• **Your objective**:
The material below holds pictures, which are to be left out; copy exactly the lines from the one with "Sie Dokkes Polres" through the one with "VERSATILE DESIGN: Features".

• **Available data**:
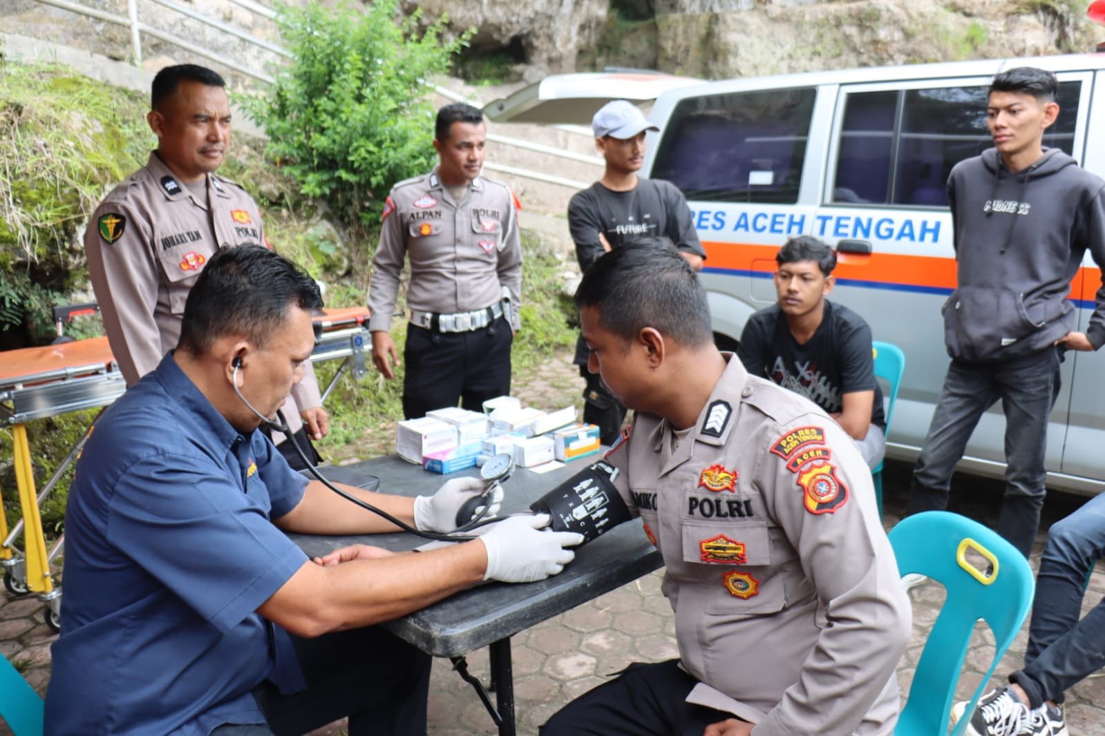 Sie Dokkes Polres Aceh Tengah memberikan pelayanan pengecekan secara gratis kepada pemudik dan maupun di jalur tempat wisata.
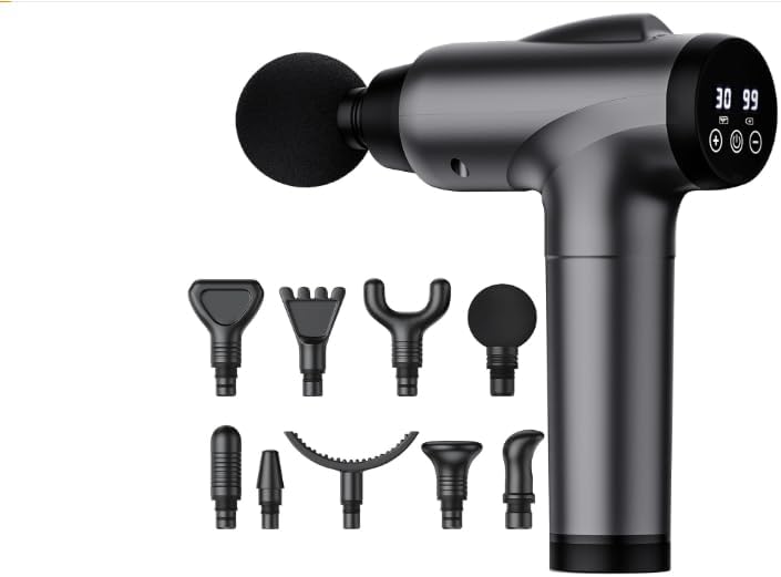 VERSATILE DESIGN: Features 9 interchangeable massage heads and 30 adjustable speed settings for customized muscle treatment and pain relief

...

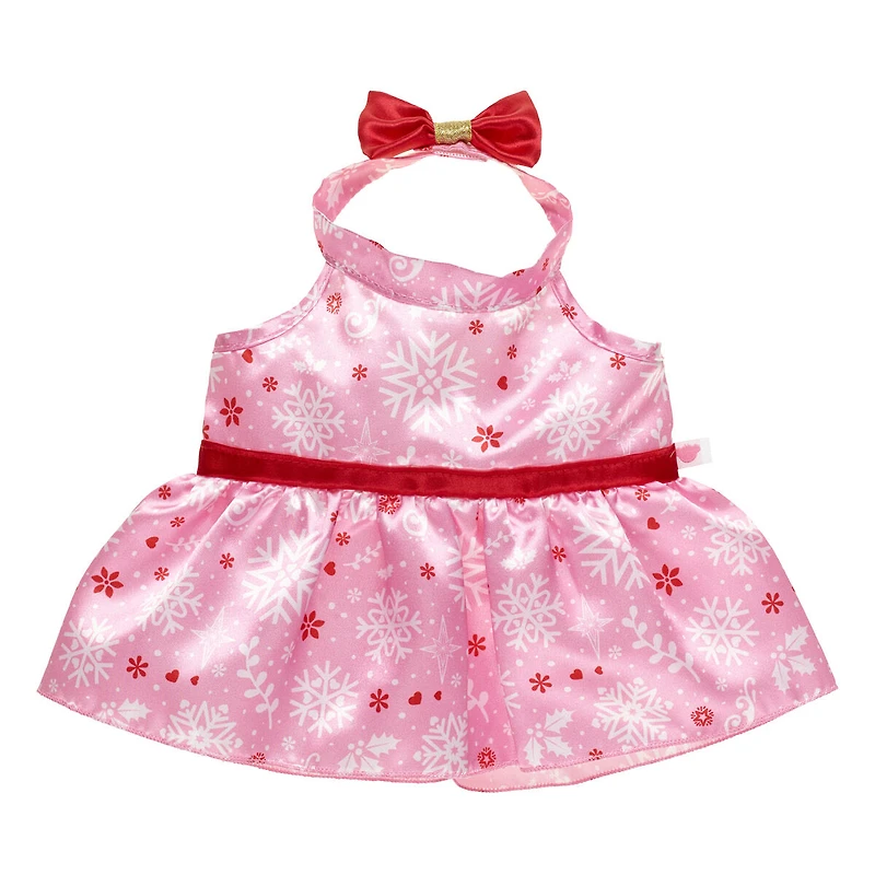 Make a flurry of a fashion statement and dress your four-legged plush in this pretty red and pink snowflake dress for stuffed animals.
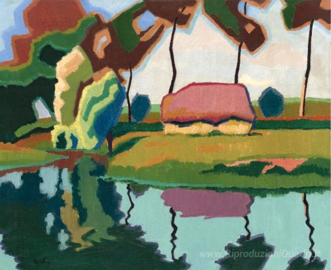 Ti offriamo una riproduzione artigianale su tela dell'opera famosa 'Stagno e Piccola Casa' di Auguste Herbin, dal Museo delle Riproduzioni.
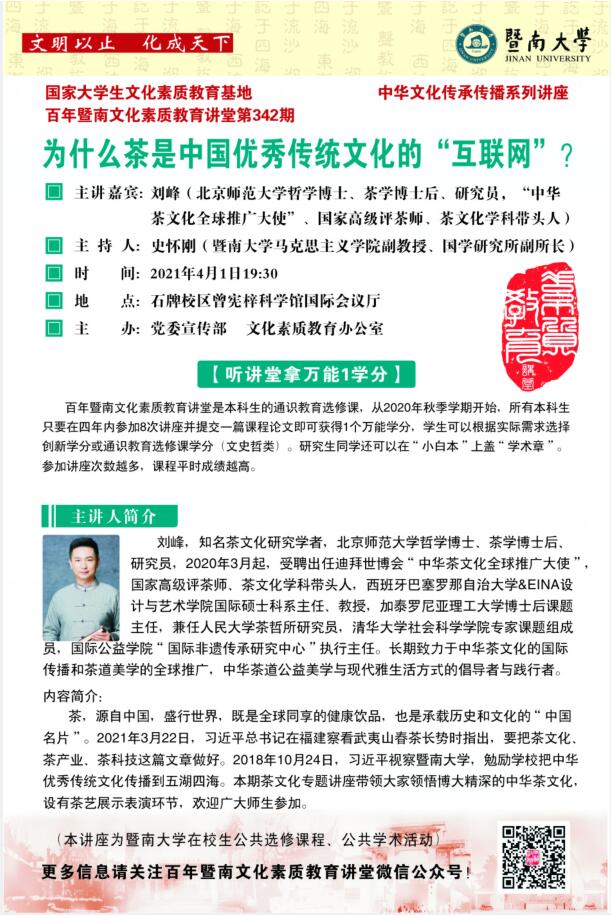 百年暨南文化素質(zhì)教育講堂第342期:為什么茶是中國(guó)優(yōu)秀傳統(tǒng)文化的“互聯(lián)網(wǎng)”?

• **Answer to this task**:
 Sie Dokkes Polres Aceh Tengah memberikan pelayanan pengecekan secara gratis kepada pemudik dan maupun di jalur tempat wisata.
 VERSATILE DESIGN: Features 9 interchangeable massage heads and 30 adjustable speed settings for customized muscle treatment and pain relief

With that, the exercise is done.